• **WORK ORDER**
The whole listing should be retyped word for word, apart from the pictures it holds.

• **STORED DATA**
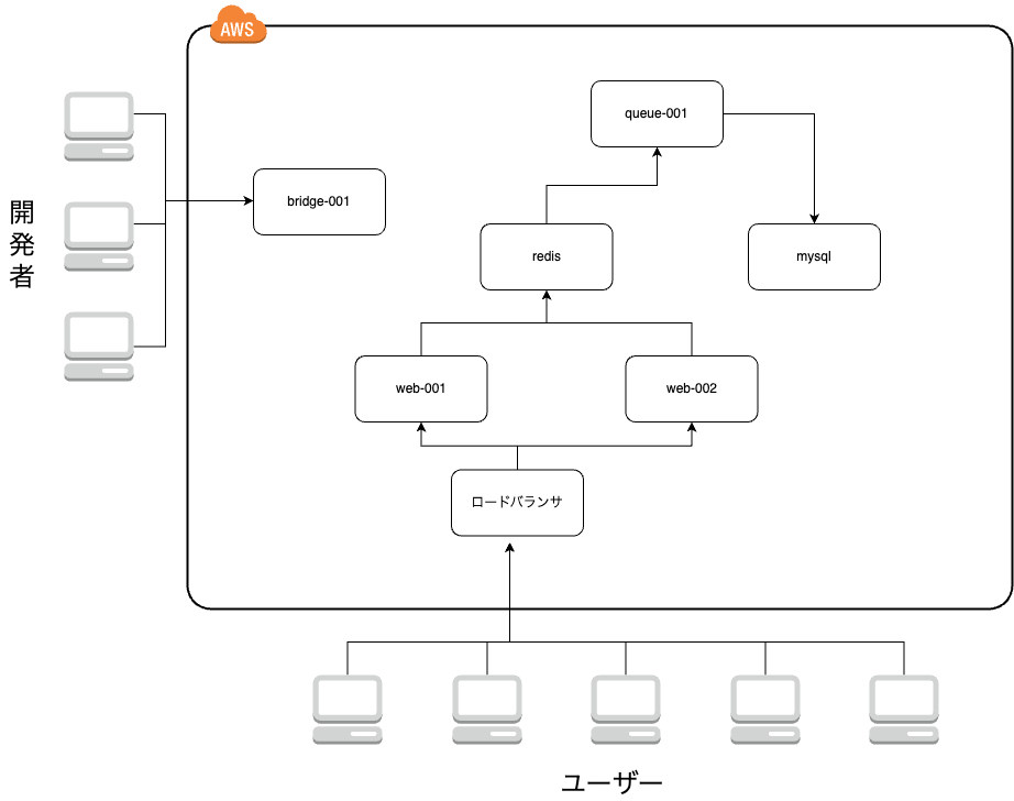 - 「queueとMySQLとRedisのセキュリティグループはまとめないほうがいいんじゃない?」
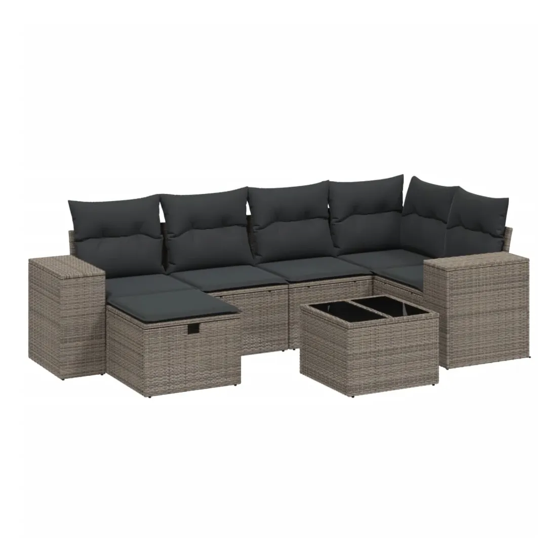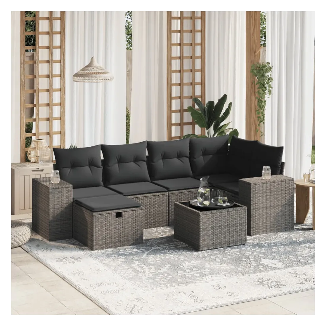 Cet ensemble de canapés de jardin est le complément parfait de votre arrière-cour, terrasse ou patio, offrant un espace confortable et accueillant pour discuter avec la famille et les amis ou simplement se détendre et profiter de l'extérieur. Matériau durable : la résine tressée, également connue sous le nom de poly rotin, est un matériau synthétique solide et nécessitant peu d'entretien qui ressemble au rotin naturel. Il est léger, facile à nettoyer et couramment utilisé pour les meubles d'extérieur en raison de sa durabilité et de ses propriétés de résistance aux intempéries.Dessus en verre : le dessus de la table d'extérieur est fabriqué en verre trempé solide et durable, ce qui le rend facile à nettoyer avec un chiffon humide et ajoute une touche d'élégance à votre espace extérieur.Housse amovible et lavable : ces coussins de siège sont dotés de housses amovibles pour un lavage et un entretien faciles.Cadre robuste et stable : le cadre en acier enduit de poudre assure la solidité et la stabilité du meuble de jardin pour une utilisation quotidienne à l'extérieur.Conception modulaire : cet ensemble de meubles d'extérieur a une conception modulaire, ce qui le rend complètement flexible et facile à déplacer, afin que vous puissiez créer un agencement de meubles d'extérieur personnalisé. Bon à savoir :Pour que vos meubles d'extérieur restent beaux, nous vous recommandons de les protéger avec une housse imperméable.
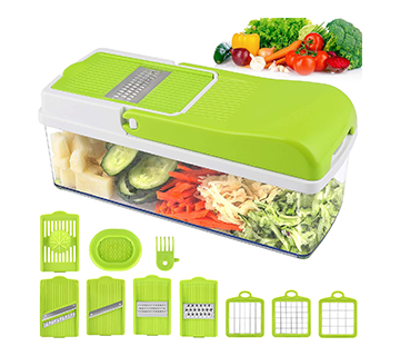 1. متعددة الاستخدامات: تتضمن قطاعة الخضار 8 قطع مختلفة قابلة للتبديل، مما يسمح لك بتقطيع، تقطيع أو تحويل الخضار والفواكه بأنماط متعددة بسهولة.
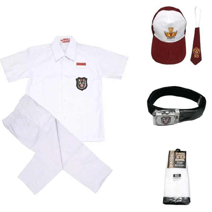 SETELAN SERAGAM SEKOLAH SD PUTIH PUTIH LAKI-LAKI LENGAN PENDEK CELANA PANJANG SUPER KOMPLIT KELAS 1-6 SD - SET KOMPLIT TOPI MERAH, 7 TAHUN

• **RESULT OF THE EXERCISE**
 - 「queueとMySQLとRedisのセキュリティグループはまとめないほうがいいんじゃない?」
 Cet ensemble de canapés de jardin est le complément parfait de votre arrière-cour, terrasse ou patio, offrant un espace confortable et accueillant pour discuter avec la famille et les amis ou simplement se détendre et profiter de l'extérieur. Matériau durable : la résine tressée, également connue sous le nom de poly rotin, est un matériau synthétique solide et nécessitant peu d'entretien qui ressemble au rotin naturel. Il est léger, facile à nettoyer et couramment utilisé pour les meubles d'extérieur en raison de sa durabilité et de ses propriétés de résistance aux intempéries.Dessus en verre : le dessus de la table d'extérieur est fabriqué en verre trempé solide et durable, ce qui le rend facile à nettoyer avec un chiffon humide et ajoute une touche d'élégance à votre espace extérieur.Housse amovible et lavable : ces coussins de siège sont dotés de housses amovibles pour un lavage et un entretien faciles.Cadre robuste et stable : le cadre en acier enduit de poudre assure la solidité et la stabilité du meuble de jardin pour une utilisation quotidienne à l'extérieur.Conception modulaire : cet ensemble de meubles d'extérieur a une conception modulaire, ce qui le rend complètement flexible et facile à déplacer, afin que vous puissiez créer un agencement de meubles d'extérieur personnalisé. Bon à savoir :Pour que vos meubles d'extérieur restent beaux, nous vous recommandons de les protéger avec une housse imperméable.
 1. متعددة الاستخدامات: تتضمن قطاعة الخضار 8 قطع مختلفة قابلة للتبديل، مما يسمح لك بتقطيع، تقطيع أو تحويل الخضار والفواكه بأنماط متعددة بسهولة.
 SETELAN SERAGAM SEKOLAH SD PUTIH PUTIH LAKI-LAKI LENGAN PENDEK CELANA PANJANG SUPER KOMPLIT KELAS 1-6 SD - SET KOMPLIT TOPI MERAH, 7 TAHUN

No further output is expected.